DÉCLARATIONS DE SÉNATEURS — L'honorable Mohammad Al Zaibak
Remerciements
11 juin 2026
Honorables sénateurs, merci à tous pour la gentillesse des hommages que vous m’avez rendus cet après-midi. Je me souviendrai toujours de vos bons mots. À vrai dire, je suis très ému par tant de chaleur, de gentillesse et de générosité. Merci à tous.
[Note de la rédaction : Le sénateur Al Zaibak s’exprime en arabe.]
Honorables sénateurs et chers amis, j’ai pris la parole à maintes reprises dans cette enceinte au cours des deux dernières années.

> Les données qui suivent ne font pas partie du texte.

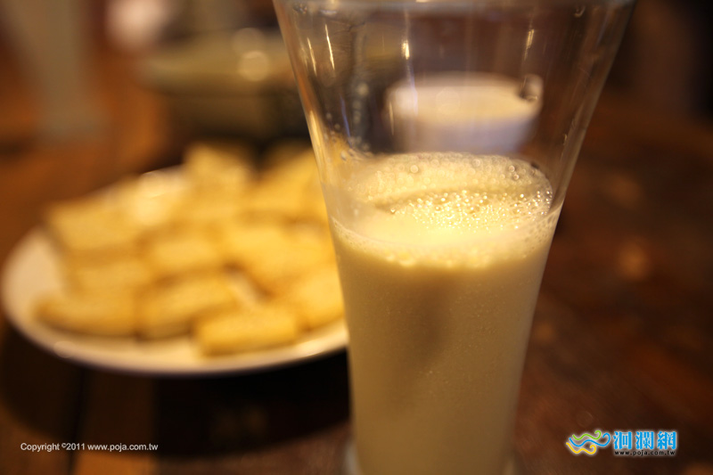 這就是使用鹽滷水取代石灰所製作的豆漿,很濃郁也很養生喔
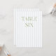 This elegant table number features a soft blue striped background with refined sage green serif typography and subtle script accents. Designed for garden weddings, refined receptions, and timeless outdoor celebrations.
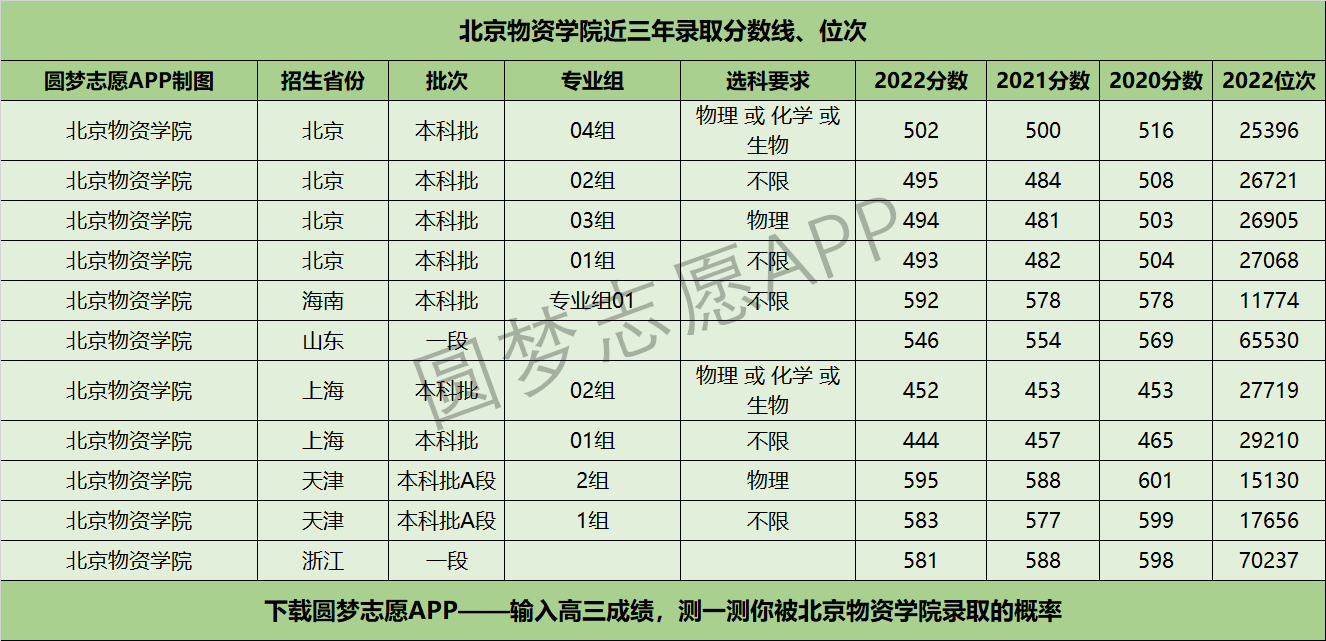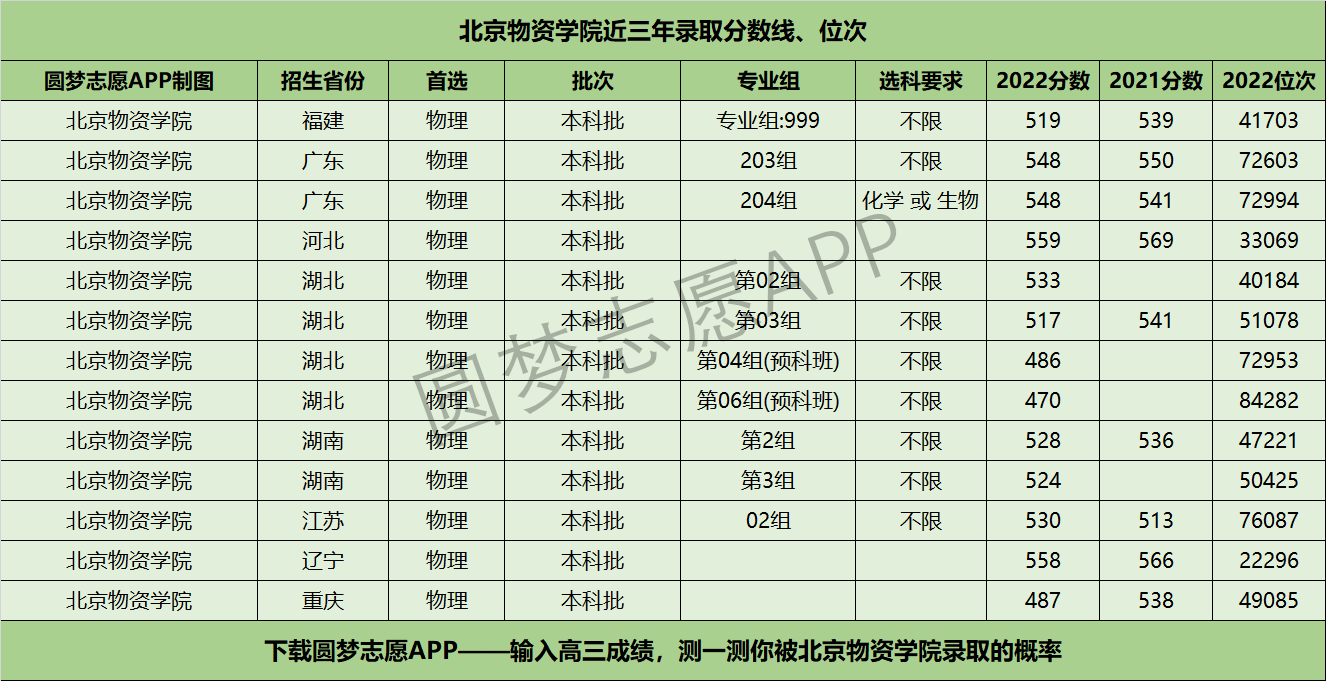 三、北京物资学院近年录取分数线及位次【首选物理版】
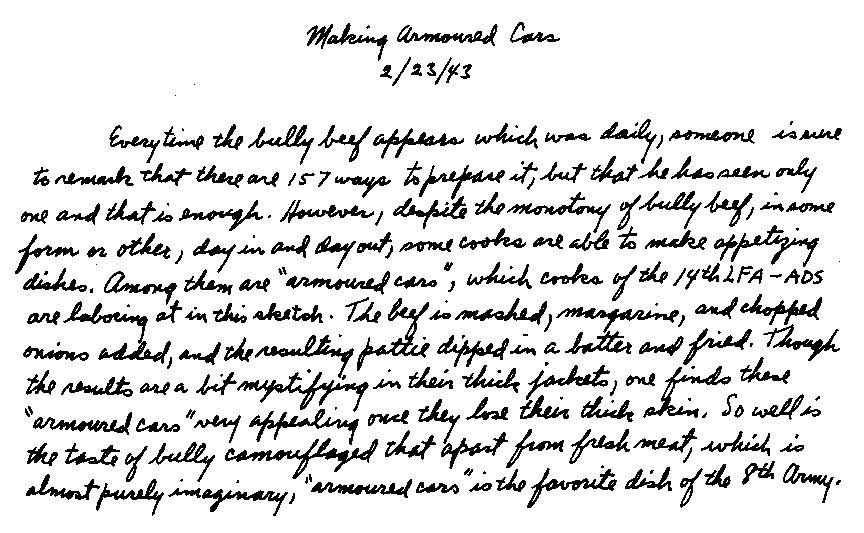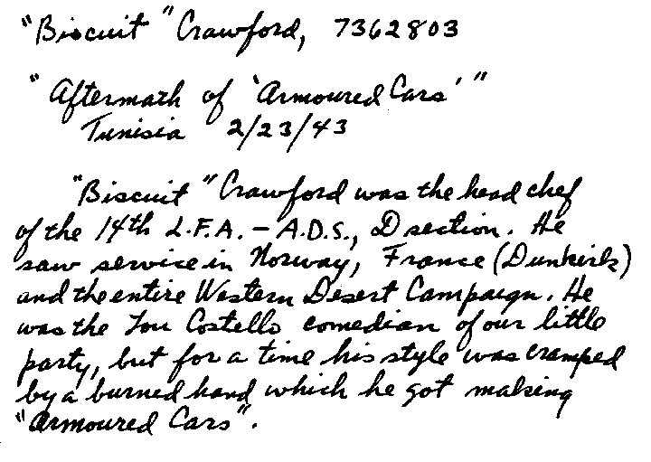 Their tams leaned rakishly over their sandy-red freckled Scottish faces, and their bruised stubby knees showed the wear of the terrain. To them all other soldiers were secondary. This was a war between them and Jerry. They were self-righteous individuals and without a doubt among the fiercest and most valiant fighters, especially with cold steel. As we talked, I kept remembering the spine-tingling wail of the bagpipes which played every sundown in the desert, as well as the chilling battle marches with accompanying drums when the Highland Division charged with bayonets and were practically wiped out. Jock and Chaur were browned off, for they had subsisted on short rations of nothing but cold bully beef and hardtack biscuits for three weeks, so they had finally come to the point of scrounging food. We remedied that on short order. We had a banquet!
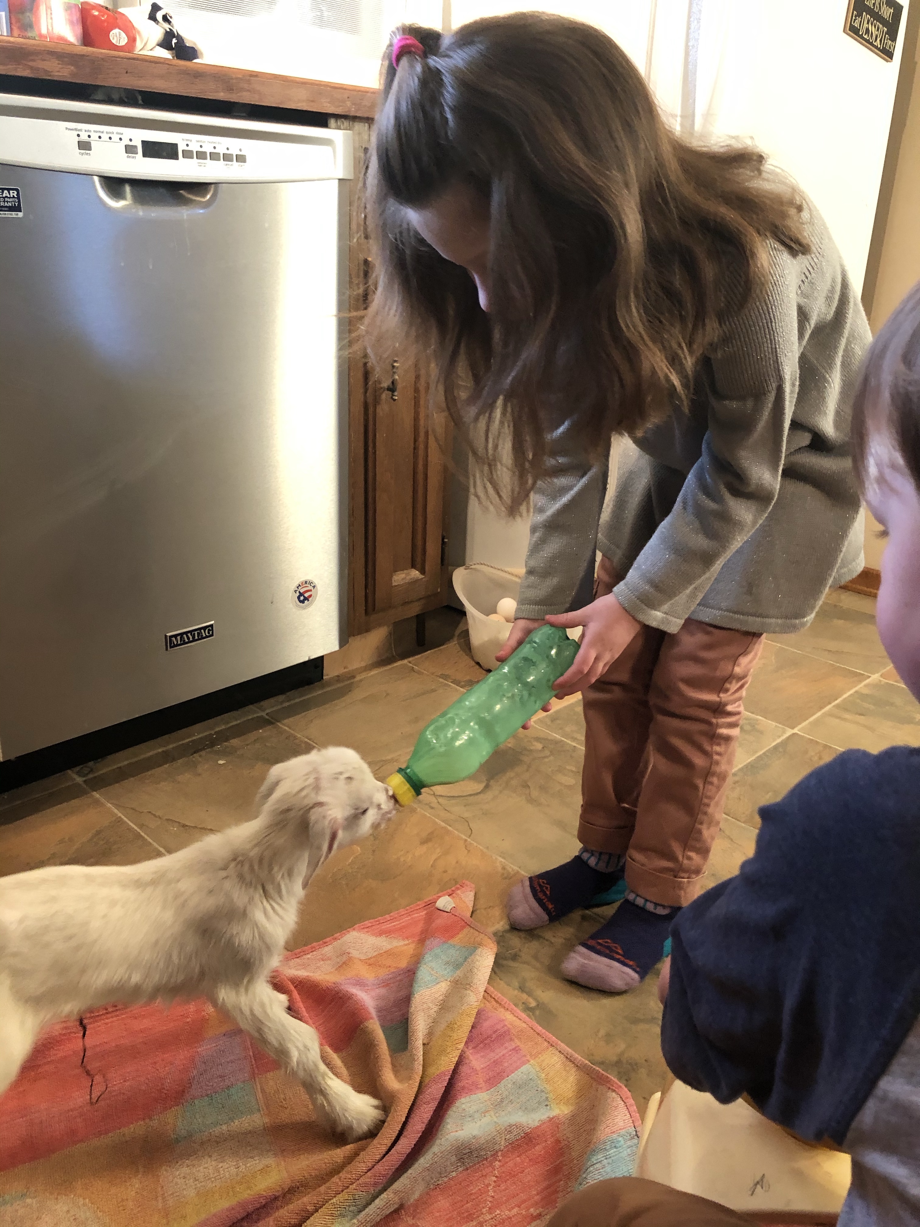 In between days were spent at the farm hanging out with Bum Feathers, Fred, Dianne and Marcus enjoying farm life, playing cards and eating The three kids were inseparable most of the time except for choring time when Marcus would zoom off on his quad, dog in tow to do his morning and evening feeding. One of his goats had triplets a few days before we left. The nanny abandoned the smallest so little Olaf (Aubrey and Lionel’s choice of name) was brought into the house for some warmth and TLC and by morning was recovering and gaining strength. The kids loved taking turns bottle feeding, Lionel particularly.
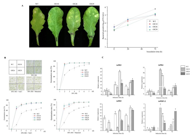 此外,过表达ScPR1基因的拟南芥转基因株系对丁香假单胞杆菌番茄致病变种菌株DC3000、NaCl和甘露醇胁迫的耐受性显著增强(图2A-B)。在病原细菌侵染的过程中,SA和JA/ET信号途径中的相关防御基因PR3、PR4、PR5和PDF1.2的转录表达也显著上调(图2C)。综上,该研究解析了甘蔗ScPR1基因在逆境胁迫响应中的分子功能,为甘蔗育种提供重要的抗性基因资源,有望在甘蔗抗逆遗传改良上得到应用。
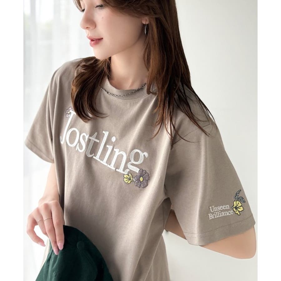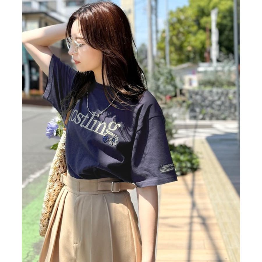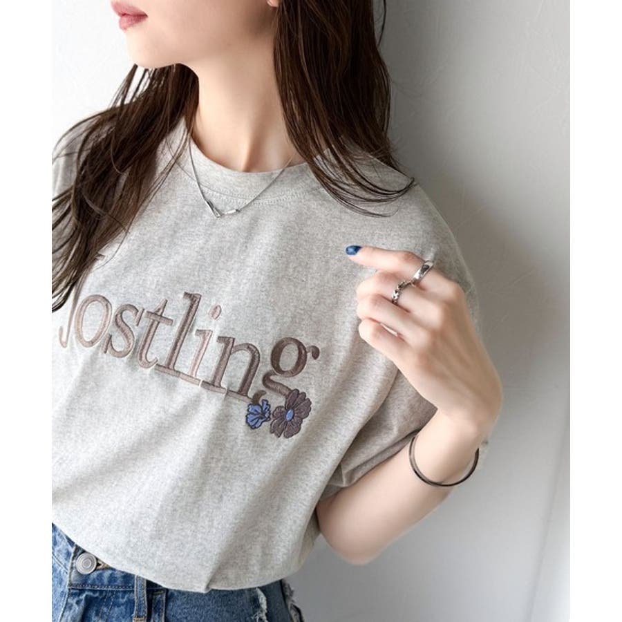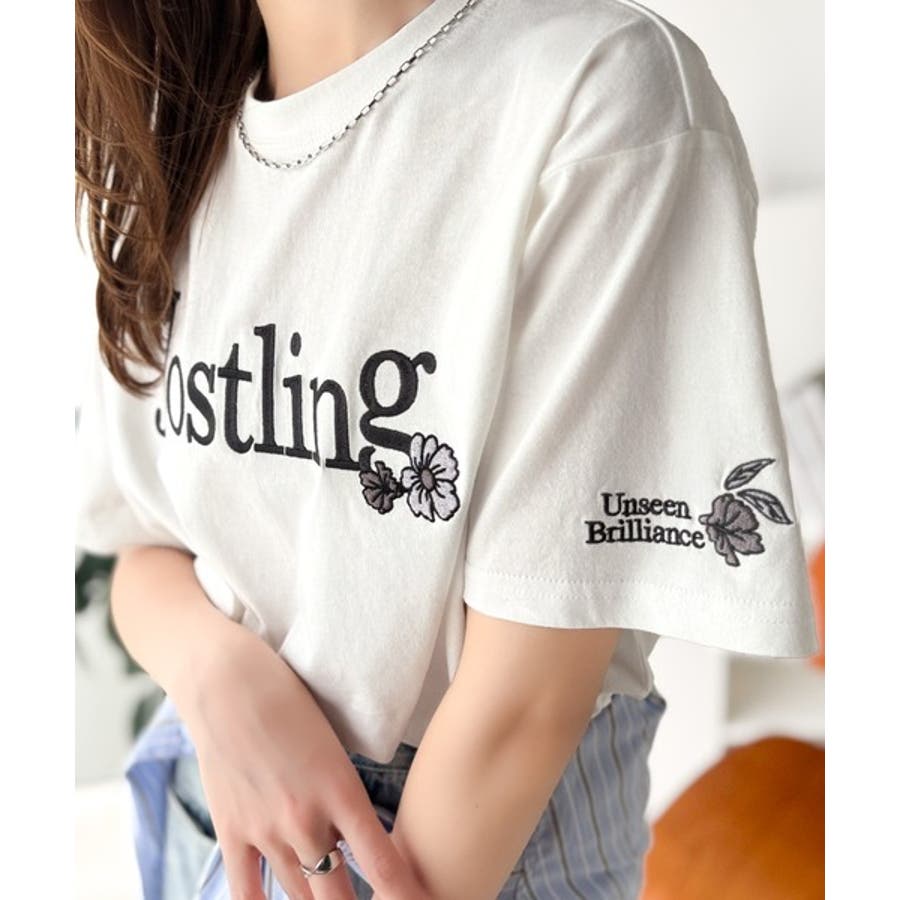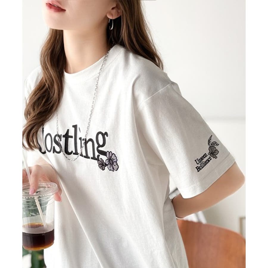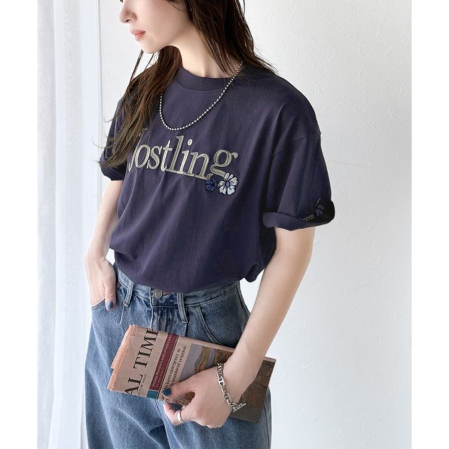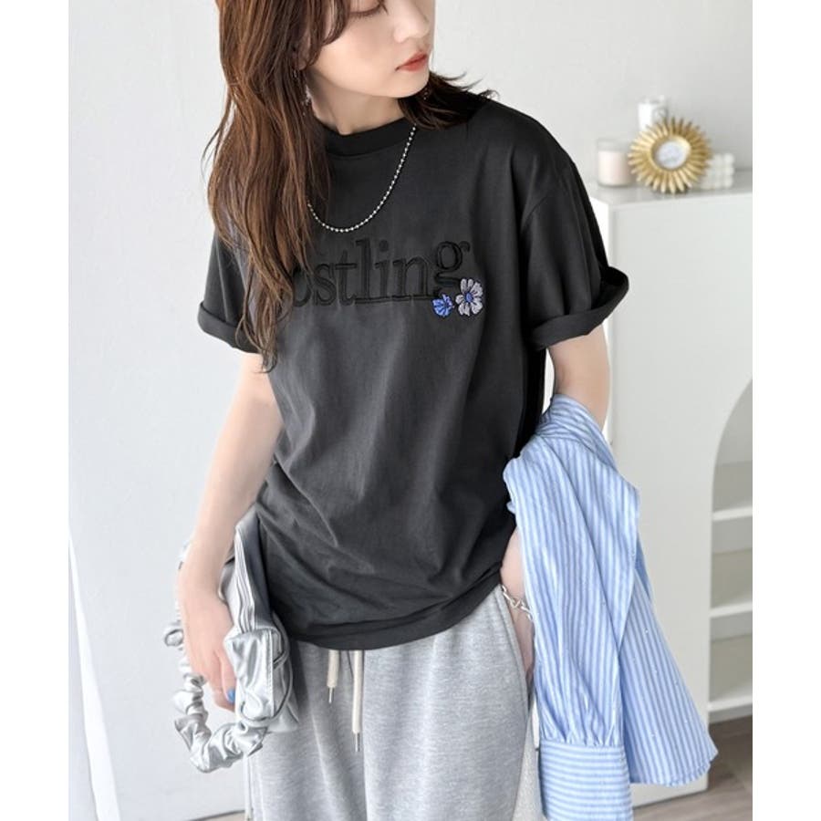ナチュラルな中に、さりげない華。綿100%ロゴ×フラワー刺繍ビッグTシャツ(半袖…

J’avoue qu’aucune de ces interventions n’a été aussi difficile à écrire que celle-ci, parce qu’aujourd’hui, c’est la première fois que je dois faire mes adieux.
Comme je l’ai fait dans mon premier discours au Sénat, je dirai d’abord que la seule émotion qui me semble adaptée dans les circonstances est un sentiment de profonde humilité. Je ressens aussi une gratitude trop grande pour qu’elle puisse tenir dans une seule phrase.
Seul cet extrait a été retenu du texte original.